> [Instructions for the task]: From the entries below, return only the lines starting at the one that contains "Police z bílého" and ending at the one that contains "ドル・円、5年ぶり高値更新-米早期利上げ", exactly as they stand.

> [Records for this exercise]:
....................

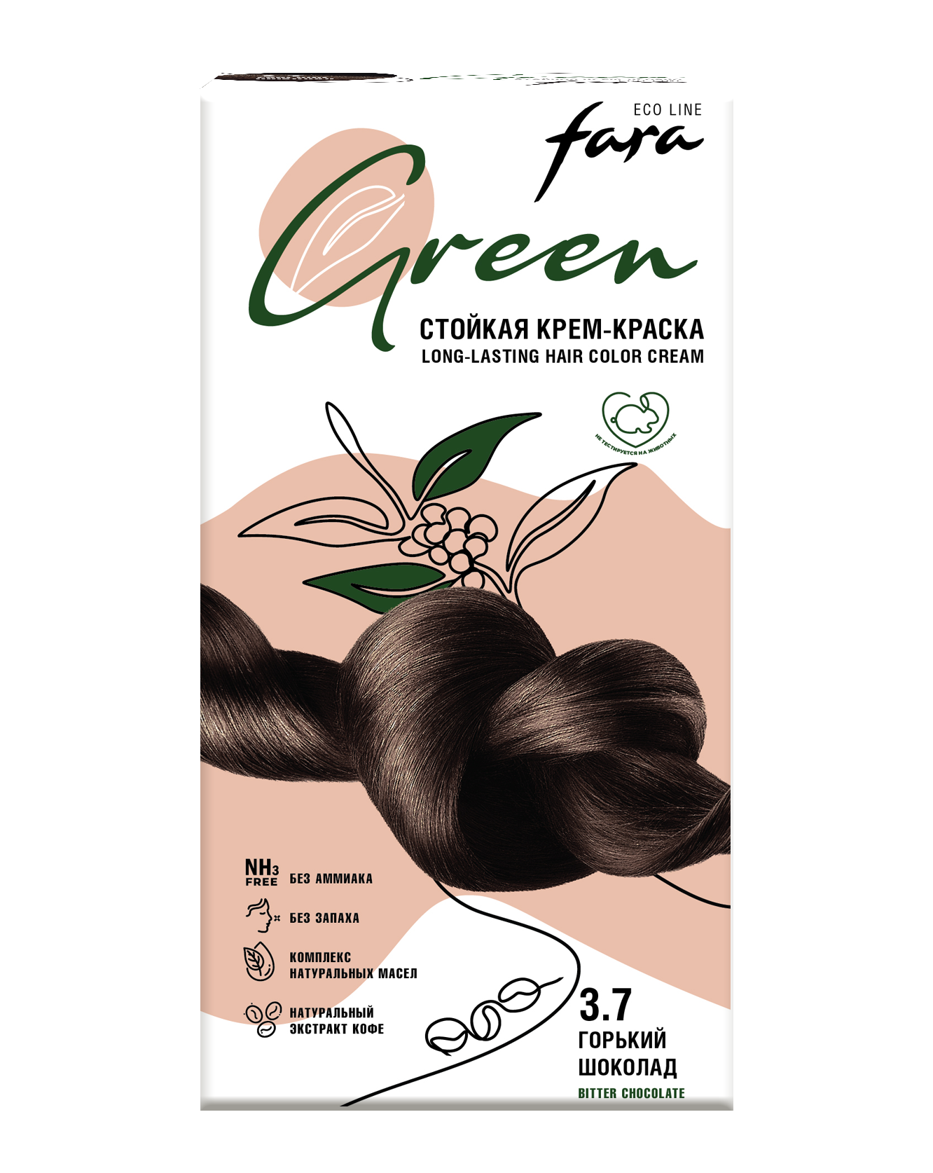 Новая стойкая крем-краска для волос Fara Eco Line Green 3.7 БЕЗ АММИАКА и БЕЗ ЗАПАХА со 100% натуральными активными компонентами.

....................

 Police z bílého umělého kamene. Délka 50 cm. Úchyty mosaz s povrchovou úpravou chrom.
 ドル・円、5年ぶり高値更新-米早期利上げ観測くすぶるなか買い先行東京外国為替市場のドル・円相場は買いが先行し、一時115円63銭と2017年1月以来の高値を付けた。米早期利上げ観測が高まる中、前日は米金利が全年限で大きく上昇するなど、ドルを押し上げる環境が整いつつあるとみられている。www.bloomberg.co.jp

....................

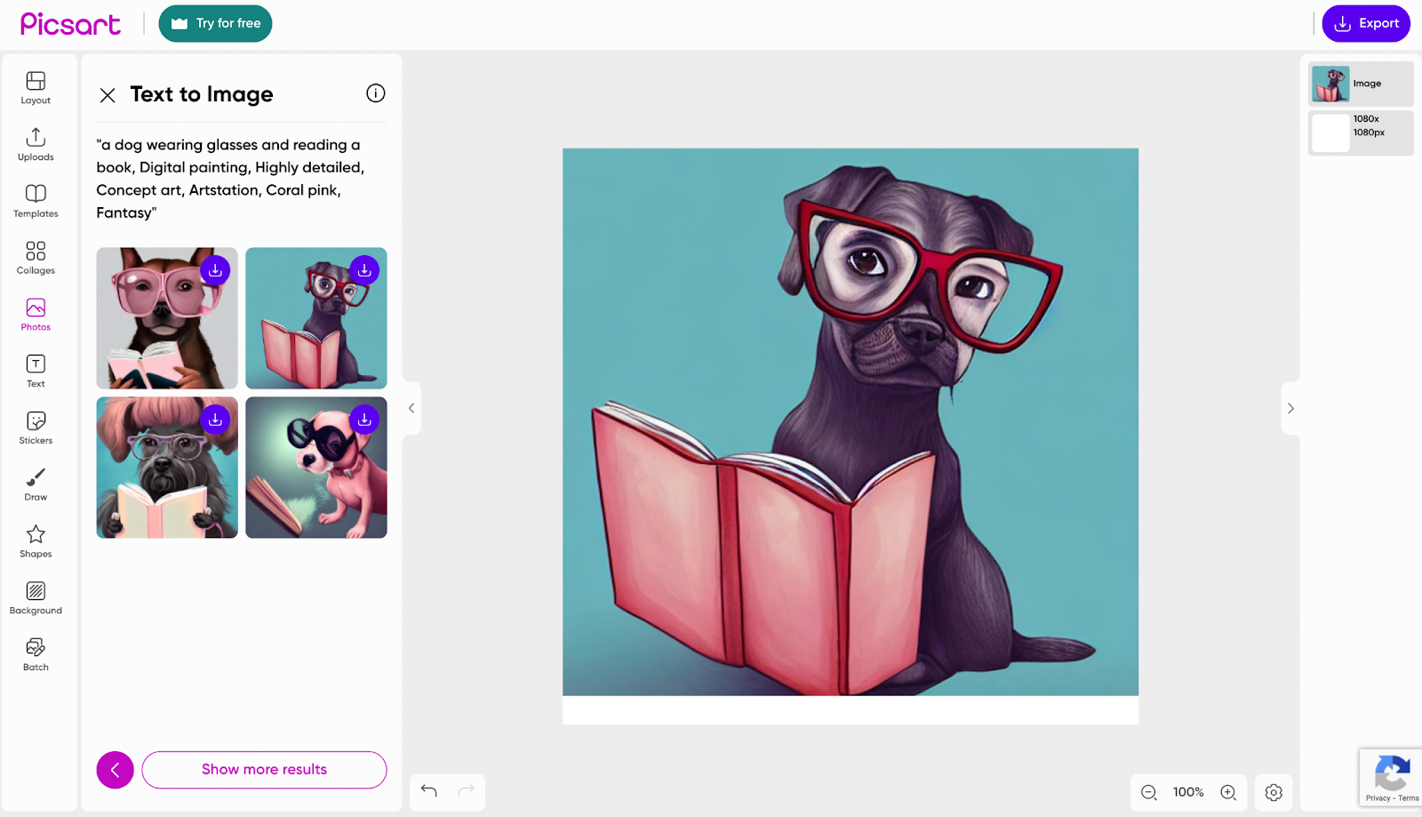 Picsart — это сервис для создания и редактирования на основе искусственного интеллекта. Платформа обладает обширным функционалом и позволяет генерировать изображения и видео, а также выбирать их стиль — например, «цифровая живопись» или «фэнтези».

....................

> [Answer]:
 Police z bílého umělého kamene. Délka 50 cm. Úchyty mosaz s povrchovou úpravou chrom.
 ドル・円、5年ぶり高値更新-米早期利上げ観測くすぶるなか買い先行東京外国為替市場のドル・円相場は買いが先行し、一時115円63銭と2017年1月以来の高値を付けた。米早期利上げ観測が高まる中、前日は米金利が全年限で大きく上昇するなど、ドルを押し上げる環境が整いつつあるとみられている。www.bloomberg.co.jp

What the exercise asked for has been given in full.